Billionaire Tom Steyer is crusading to get Barack Obama to heed his message that climate change should be front and central in national policy discourse. As the Guardian reports below, Mr. Steyer has spent millions pressing for policymakers to support climate action, and he can certainly afford to do so. But while money talks, so do health stats. Medical professionals are considered the nation’s most highly trusted and accessible leaders. When the Surgeon General called climate change a "serious, immediate and global threat to human health", national leaders listened. Last year, in the British medical journal The Lancet, a group of leading doctors and public health experts said that climate change "threatens to undermine the last half century of gains in development and global health." What happened? The report garnered widespread media attention and people paid attention. Now is the time for health professionals to leverage our knowledge on the impacts of climate change on public health, and inspire other national leaders to take action.

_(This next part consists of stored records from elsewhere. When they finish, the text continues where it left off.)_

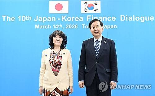한일 재무장관회의(서울=연합뉴스) 구윤철 부총리 겸 재정경제부 장관(오른쪽)과 가타야마 사쓰키 일본 재무상이 14일 일본 도쿄 재무성에서 한일 재무장관 회담에 앞서 기념촬영을 하고 있다.
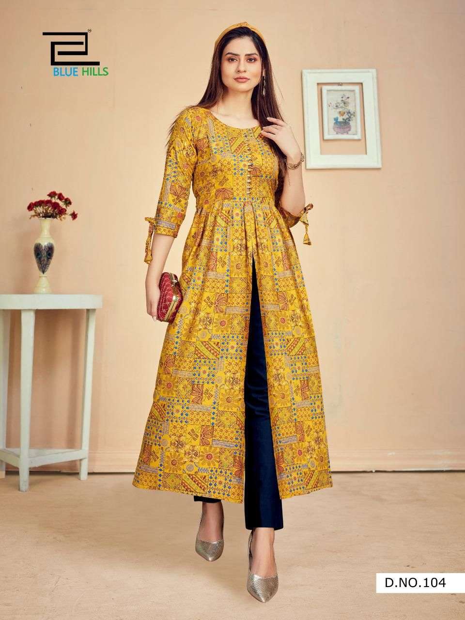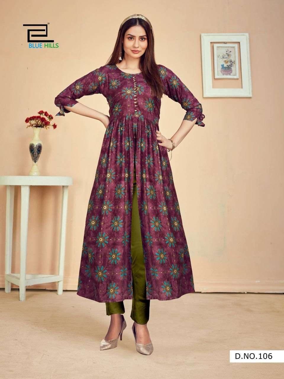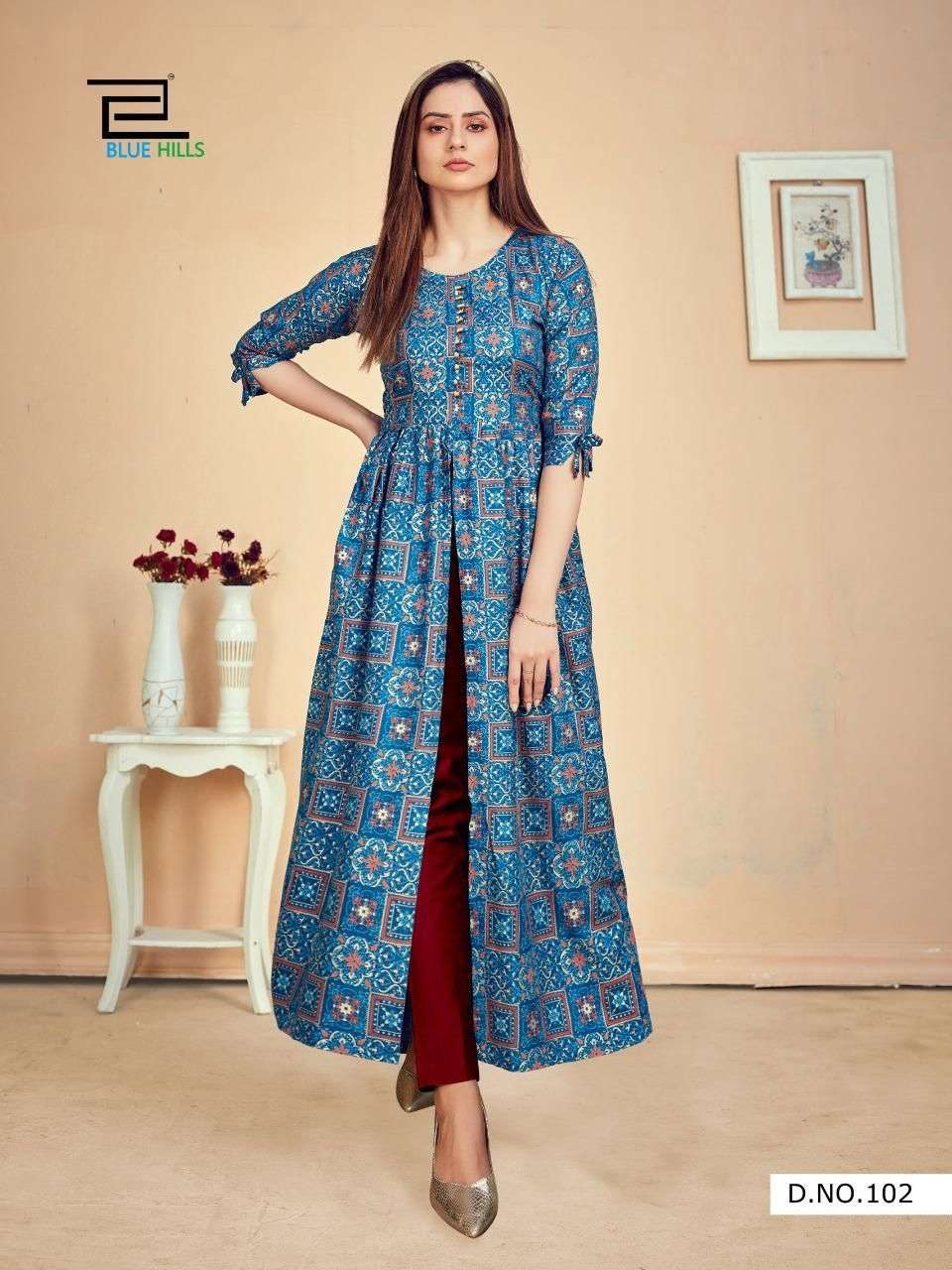 BLUE HILLS (KURTI) Presents      CALENDER VOL -5 - RAYON 14 KG Foil print - centre Cut With Frill Size: M (38) L (40) XL (42) XXL (44) 3XL (46) 4XL (48) 5XL (50) Rate 499+GST Set to set . 8 BEAUTIFUL DESIGNS  Dispatch 2 to 3 days |
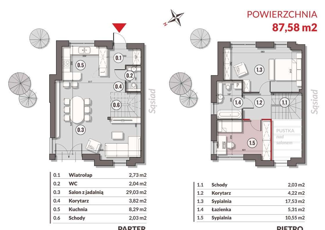 Przy zabudowaniu antresoli niedużym kosztem, możliwe jest zwiększenie powierzchni do 95 m2 z dodatkowym pokojem. Dodatkowo 2 miejsca parkingowe.
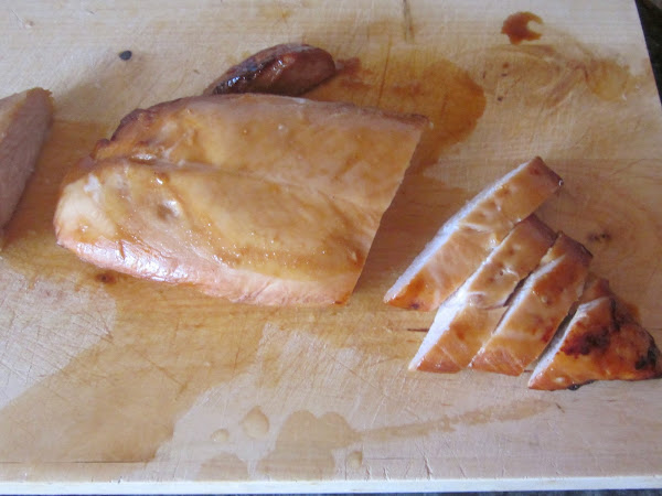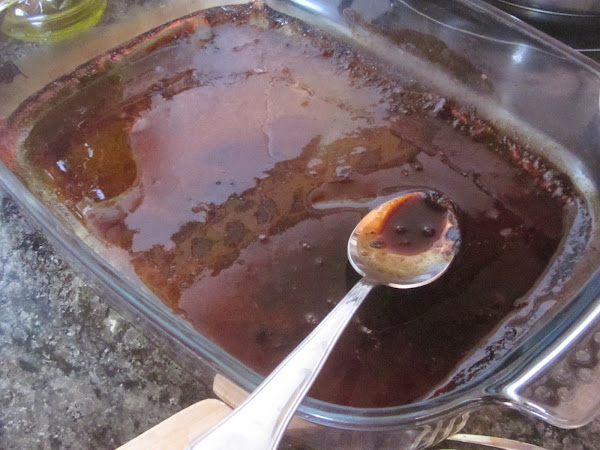 Pasado el tiempo sacamos los solomillos a una tabla, y cortamos en rodajas, la salsa que queda en la fuente del horno,la usamos para regar la carne, sale espesa por la miel.
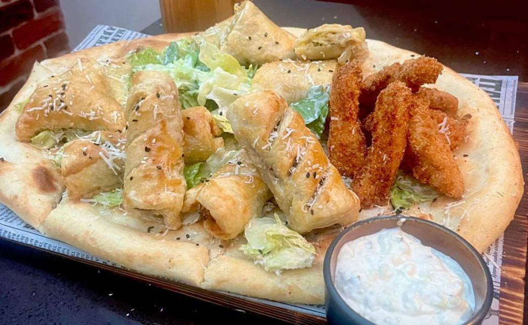 Состав: мини-корндог, слойка с грибами, ролл с рваной свининой, куриные стрипсы, пицца римская, соус барбекю, соус тар-тар
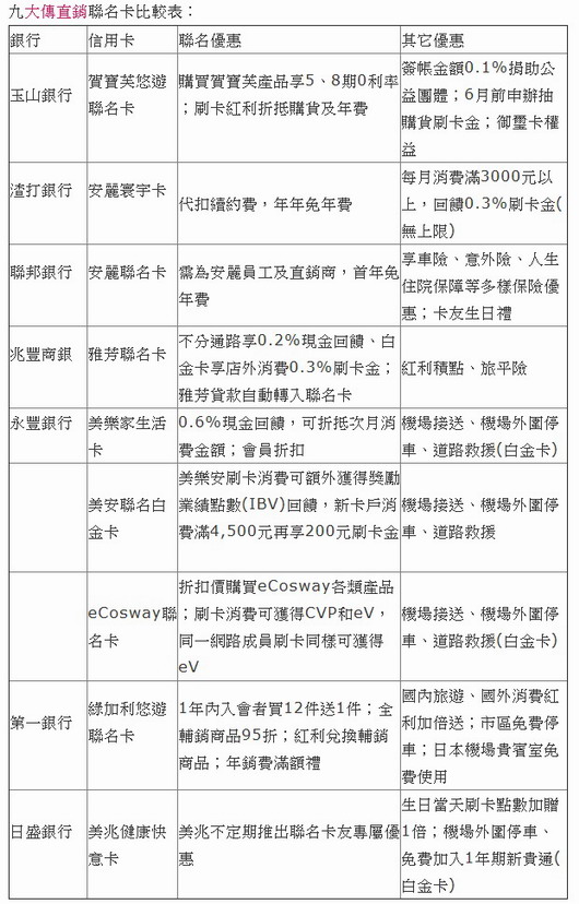 據記者側面了解,2010年臺灣地區前五大傳直銷公司依序為安麗(82億,約人民幣17.47億元)、賀寶芙(62億,約人民幣13.2億元)、美樂家(58億,約人民幣12.35億元)、雅芳(46.4億,約人民幣9.88億元)及如新(37億,約人民幣7.88億元),幾乎都有跟銀行合作發行聯名卡。若從銀行來看,則是以永豐銀行最為積極,旗下包含"美安聯名白金卡"、"美樂家生活卡"、"eCosway聯名卡"等3張。
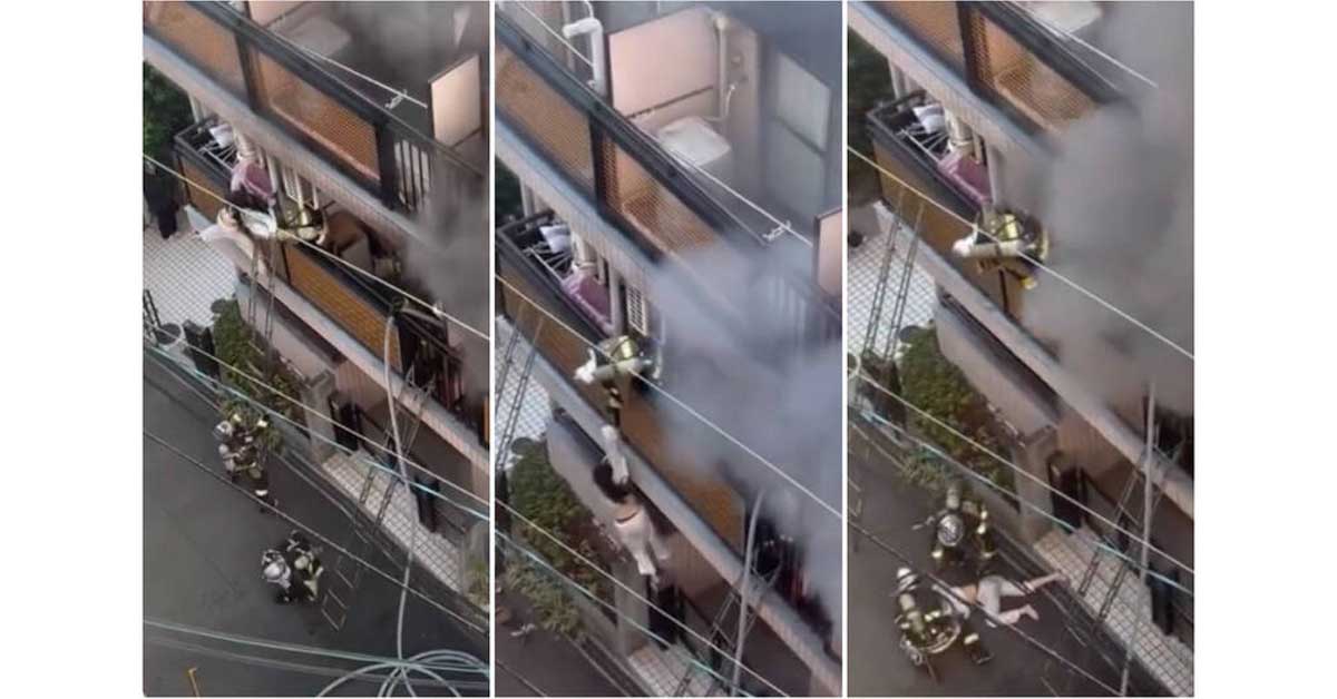 日本大阪市东淀川区相川一栋公寓近日发生火灾,起火房间的26岁女性住户在等待救援时疑因惊慌失措,将消防梯踢倒,导致消防员与自己从高处跌落受伤。
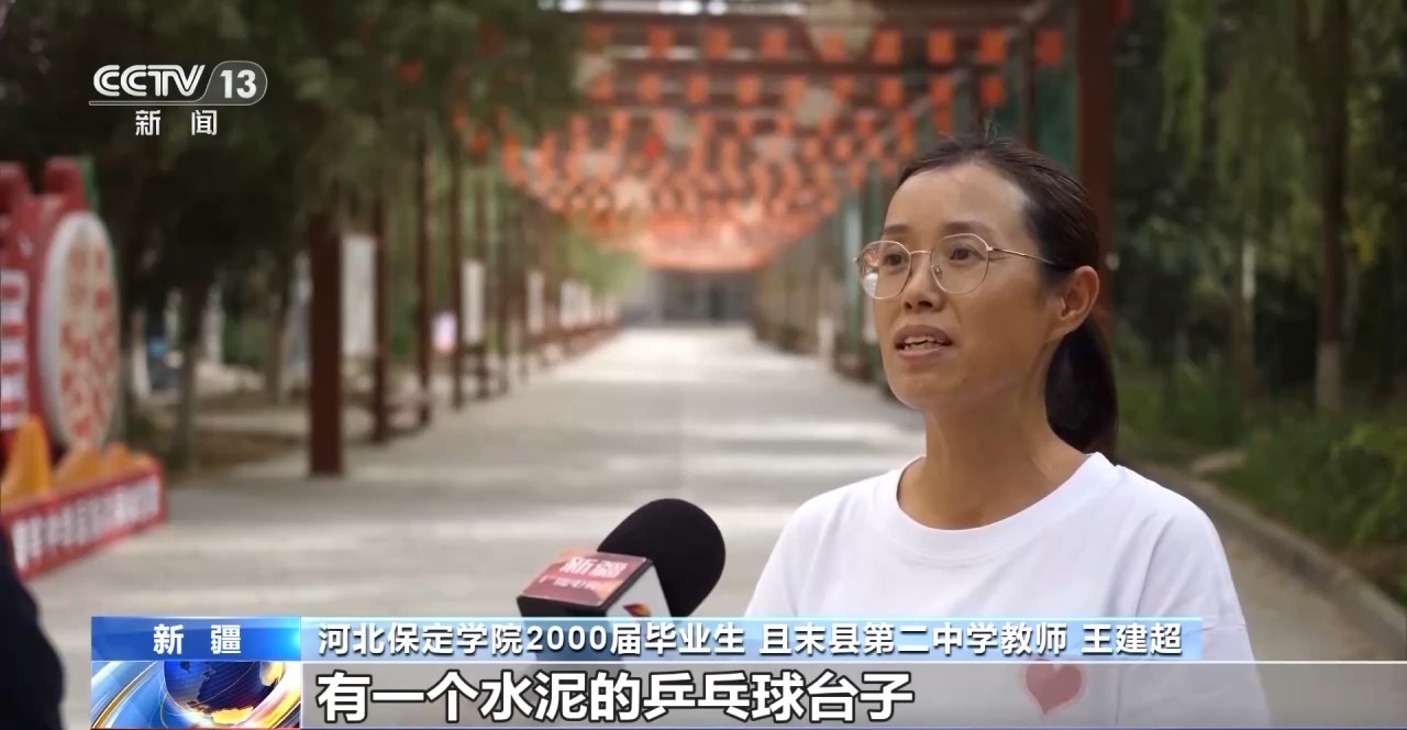 河北保定学院2000届毕业生 且末县第二中学教师 王建超:到这之后一看,只有半个篮球场,有一个水泥的乒乓球台子。

Lead by example and engage others in climate solutions.
Billionaire Activist Urges Obama to Focus State of the Union on Climate Change
By Suzanne Goldenberg I January 11, 2016
Billionaire climate activist Tom Steyer pressed Barack Obama on Monday to go out with a bang and make global warming central to the message of his last State of the Union address.
In a conference call with reporters, Steyer said the speech on Tuesday offered one of the last high-visibility moments for Obama to make his case to the American public for a transformation of the US energy and climate system.
The last year was a banner year for climate change – with the Paris climate agreement, the rejection of the Keystone XL pipeline, an effective ban on Arctic drilling, and the finalization of rules cutting carbon pollution from power plants, Steyer told the call.
“This is a great opportunity to make that case and make sure that the moves we made are decisive and irrevocable,” Steyer said. “He is obviously not going to get specific climate legislation through by the end of his administration … This is a chance for him to really address Americans and explain to them what he has been doing, why it still needs to be done, and why it is so important.”